As expected, bitcoin critics lauded the disapproval as an indication that bitcoin isn’t a ‘real currency’ and shouldn’t be considered an investment vehicle at all.

But the fact is I’d already predicted the rejection in a recent interview with IG TV and stated that Bitcoin doesn’t need the ETF to thrive. I believe the disapproval is good news for bitcoin.

Great news, actually.

In it’s official notice, the SEC stated:

"...the Commission is disapproving this proposed rule change because it does not find the proposal to be consistent with Section 6(b)(5) of the Exchange Act, which requires, among other things, that the rules of a national securities exchange be designed to prevent fraudulent and manipulative acts and practices and to protect investors and the public interest."

In short, due to the fact that the bitcoin market isn’t regulated and can’t be subject to surveillance, they can’t approve the listing.

Bitcoin is a decentralised platform. The ETF application was an attempt to force bitcoin compatibility with a centralised model - trying to fit a square peg in a round hole, if you like - and it’s not supposed to fit.

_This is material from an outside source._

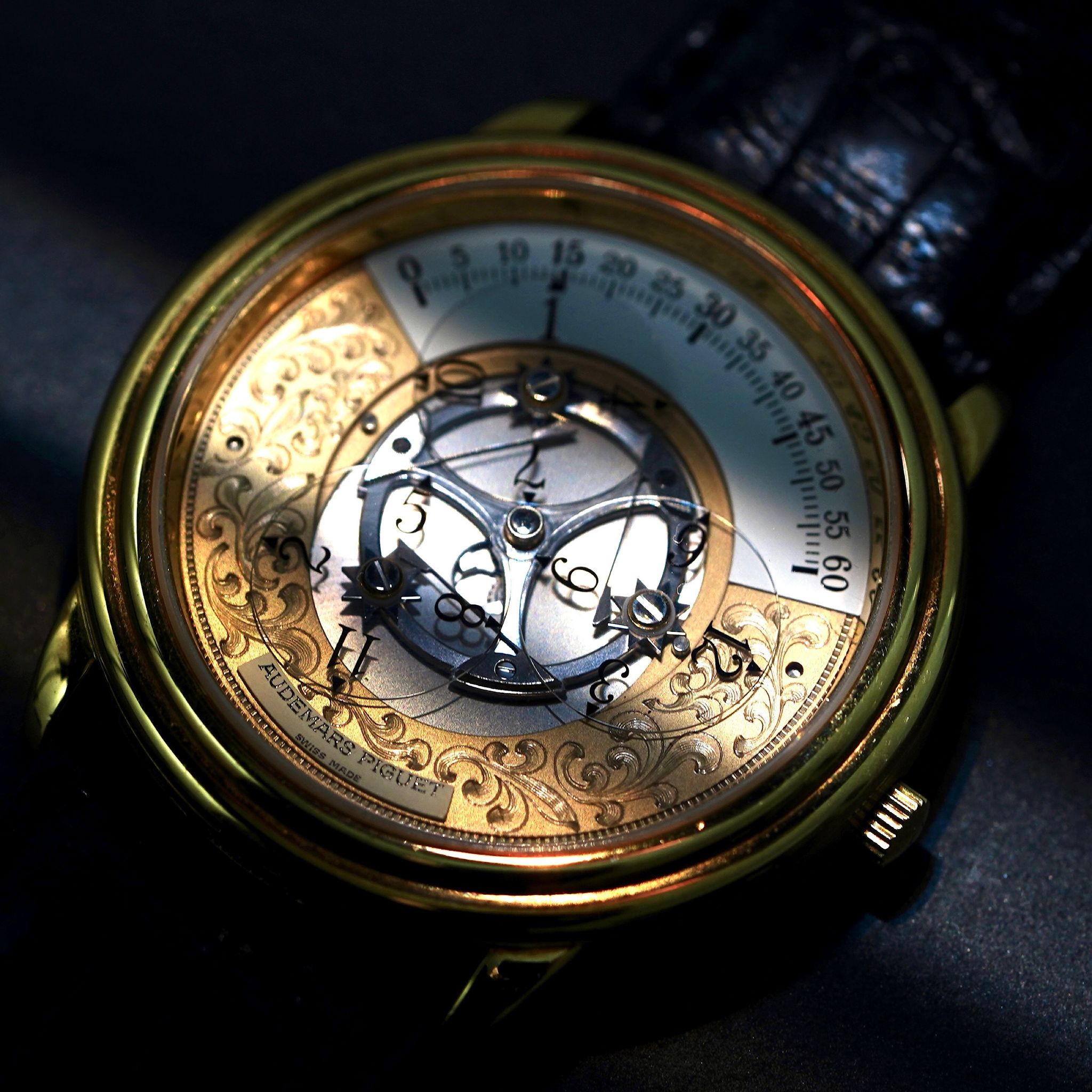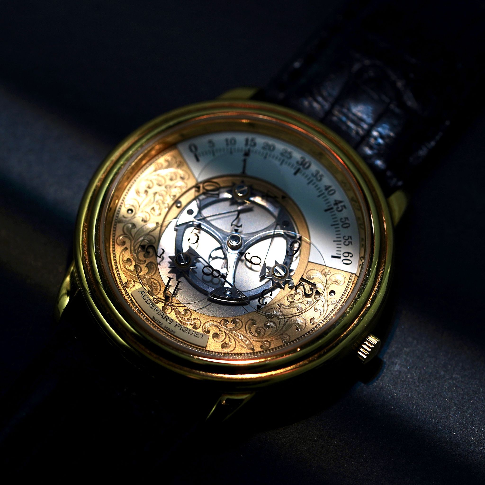 FEATURES: 18k Gold, Original AP leather strap, Original AP buckle, 36mm stepped case

It was never intended to be a regulated in the same way as traditional systems are. It wasn’t created to be subject to 3rd party mediation. It’s core purpose was to provide an alternative to the traditional financial system - not to be intertwined with it.

Short-Term Win a Long-Term Loss for Bitcoin

An approval may’ve been a short term psychological ‘win’ for bitcoin; being ‘recognised’ by ‘the powers that be’ of having a place within the system, but the long-term repercussions on the sovereignty of bitcoin and its users could’ve been dangerous.

Many got sucked into the belief that if the SEC approved the COIN listing, bitcoin would’ve finally ‘arrived’.

They’re wrong, though. Bitcoin has already arrived.

Bitcoin functions - and functions exceptionally well - outside of the restraints and regulation of any government backed corporation. Bitcoin offers us the freedom to transact at our own will, anywhere we like, with whomever we like, without permission from large, government-backed  banking institutions and intermediaries, who each tack on fees for the ‘privilege’ to do so.

With bitcoin, we’re not subject to scrutiny and surveillance on our own finances. Bitcoin doesn’t need outside regulation based on manipulated human rules; it uses objective mathematics to self-regulate and protect itself from undue influence.

These unique, alluring qualities of bitcoin and the empowerment they provide, are precisely the reason the ETF isn’t essential, or even relevant, to bitcoin’s success.

As for the impact on the bitcoin price; well, considering all the purely retail-orientated investors jumped ship and left a treasure trove of below-market value coins behind, the stronghold investors took advantage and bitcoin recovered - within a mere hour of the announcement - to stablise around the $1,200 point, perfectly positioned to continue its ongoing rival for parity with gold.

Pretty good going for an unregulated market, wouldn’t you say?